Das Berufungsgericht bestätigte dieses Urteil und sprach aus, dass der Wert des Entscheidungsgegenstands 20.000 EUR übersteige und die ordentliche Revision zur Beurteilung des Verjährungseinwands zulässig sei. Ein Verfahrenshilfeantrag könne dann als (verbesserungsbedürftige und der Verbesserung zugängliche) Klage angesehen werden, wenn er Sachverhalt und Begehren individualisiere und deutlich erkennen lasse. Die Klägerin habe zu ihrem Protokollarantrag auf Bewilligung der Verfahrenshilfe noch konkretes Vorbringen erstattet, auf das sie ihre Ansprüche stütze, und habe ihre Ansprüche dem Grunde und der Höhe nach konkretisiert. Damit sei Unterbrechung der Verjährung eingetreten.

Rechtliche Beurteilung

Die Revision ist unzulässig. Entgegen dem - den OGH nicht bindenden (§ 508a Abs 1 ZPO) - Ausspruch des Berufungsgerichtes hängt die Entscheidung nicht von der Lösung einer erheblichen Rechtsfrage iSd § 502 Abs 1 ZPO ab.

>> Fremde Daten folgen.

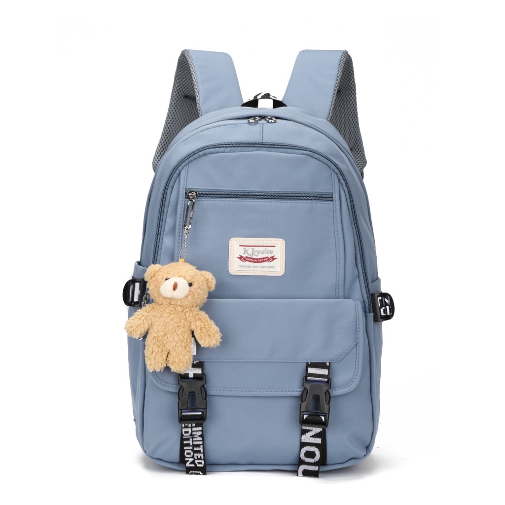 Mochila Escolar Grande Unissex Moda Coreana/Japonesa Antifurto Impermeável + Ursinho (6261/6263)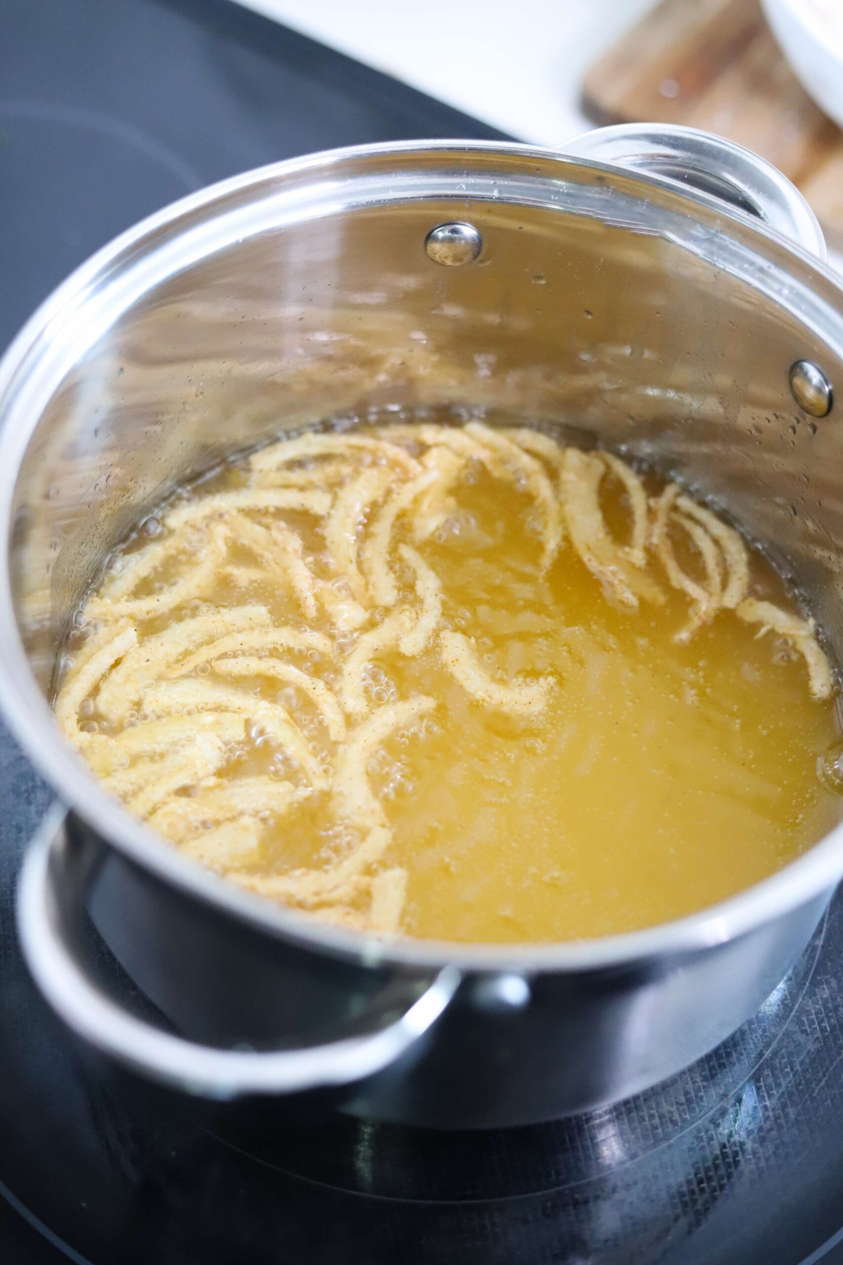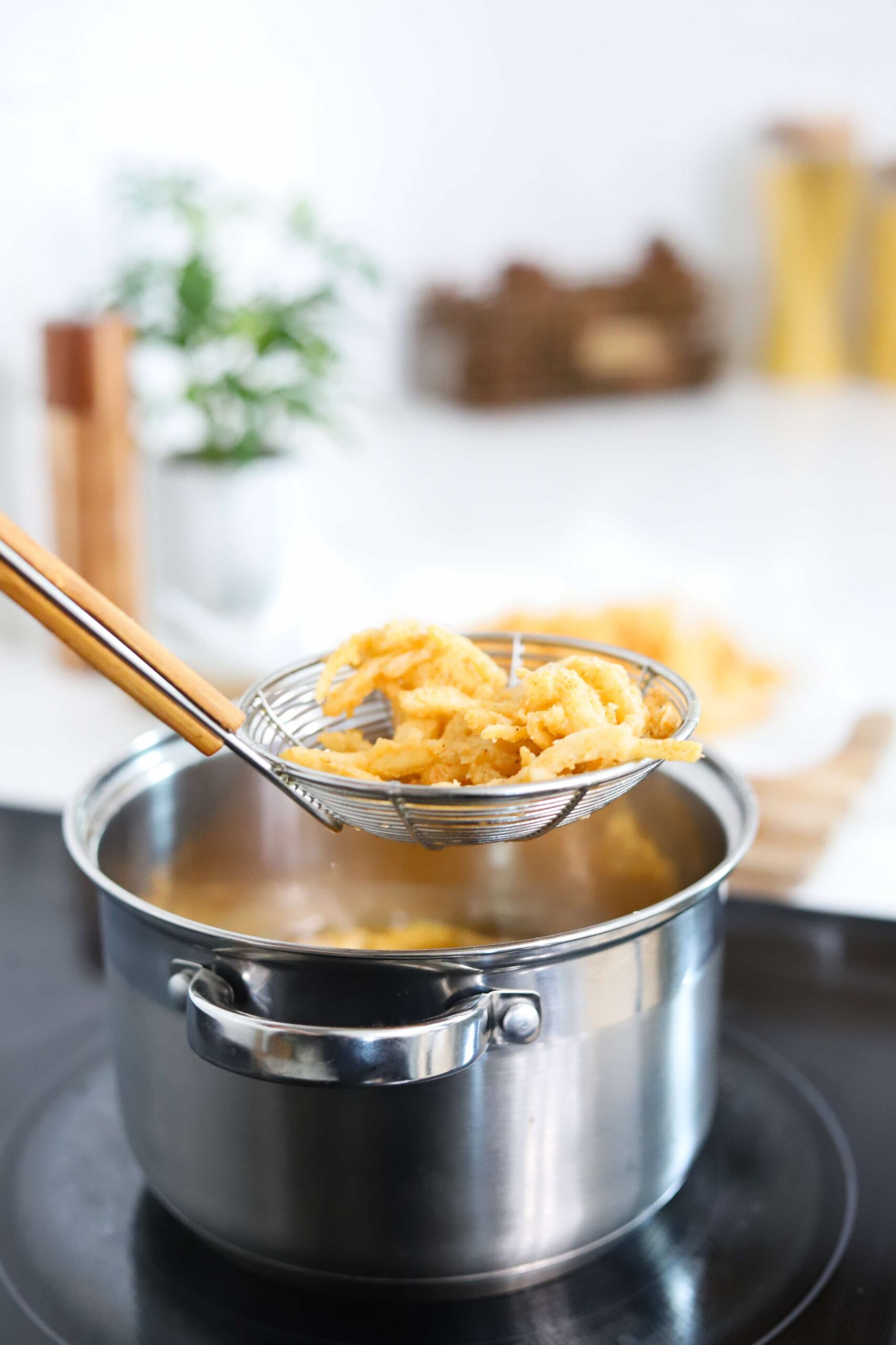 You don’t need much to make fried onion straws, but you do need about an hour of wait time. They are totally worth the wait though. I promise.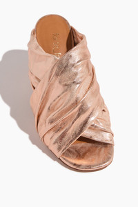 Heeled Laminated Leather Crossed Sandals in Cipria

Die Revision macht geltend, der zu Protokoll gegebene Antrag auf Bewilligung der Verfahrenshilfe könne nicht als Klage angesehen werden. Er sei von keinem Rechtsanwalt unterfertigt und entspreche nicht den prozessualen Formerfordernissen; ein Verbesserungsauftrag sei nicht erteilt worden.

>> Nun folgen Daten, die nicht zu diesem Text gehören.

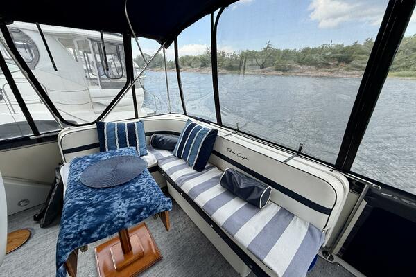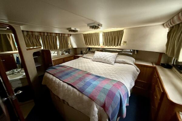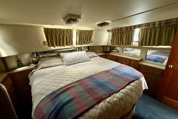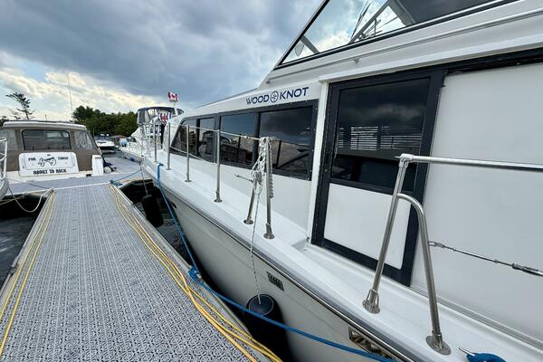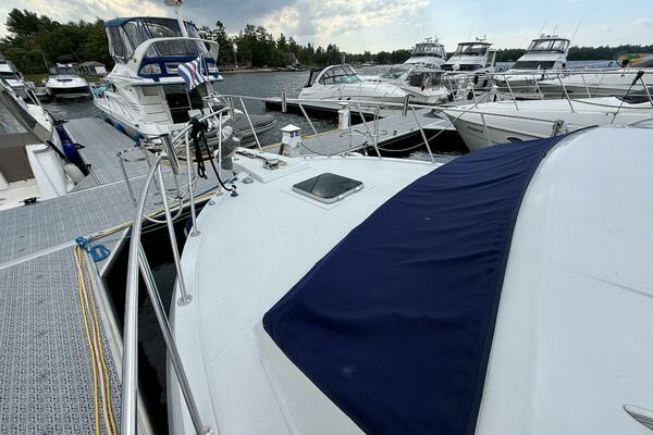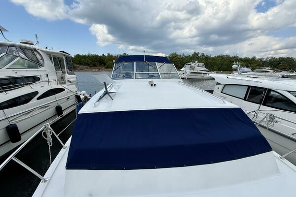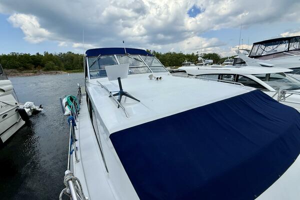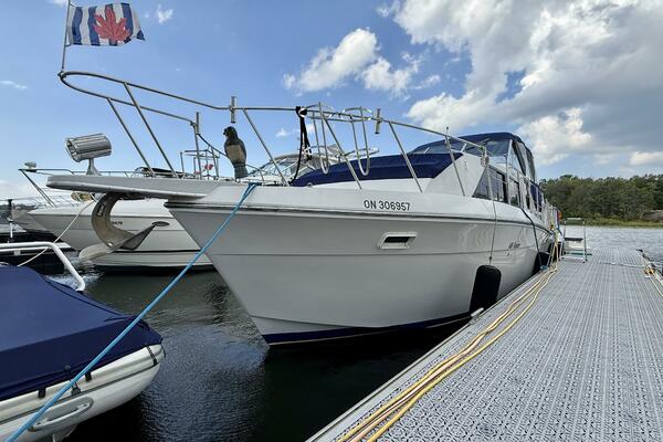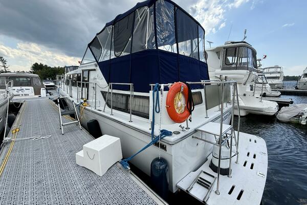 The Chris-Craft 381 Catalina is well built motor yacht, with a fantastic layout for cruising or living aboard. This example has been well-maintained and upgraded over the years, truly showing the pride in ownership. An extended swim platform with custom stairs leads to a great cockpit with a new full canvas enclosure and fridge. Down below you have a spacious salon with a built-in bar. The forward cabin features an en-suite head, while the aft boasts a full king walkaround, plenty of storage, and an en-suite head with a separate shower + tub.

Ob der Verfahrenshilfeantrag die Verjährung unterbrochen hat, ist nur dann maßgebend, wenn der geltend gemachte Schadenersatzanspruch der dreijährigen Verjährungsfrist des § 1489 Satz 1 ABGB unterliegt und für ihn nicht die dreißigjährige Verjährungsfrist des § 1489 Satz 2 ABGB gilt. Erst nach dreißig Jahren erlischt das Klagerecht, wenn (ua) der Schade aus einer oder mehreren gerichtlich strafbaren Handlungen entstanden ist, die nur vorsätzlich begangen werden können. Eine strafrechtliche Verurteilung ist nicht Voraussetzung (RIS-Justiz RS0034432 und RS0034398; M. Bydlinski in Rummel, ABGB³ § 1489 Rz 5 mwN).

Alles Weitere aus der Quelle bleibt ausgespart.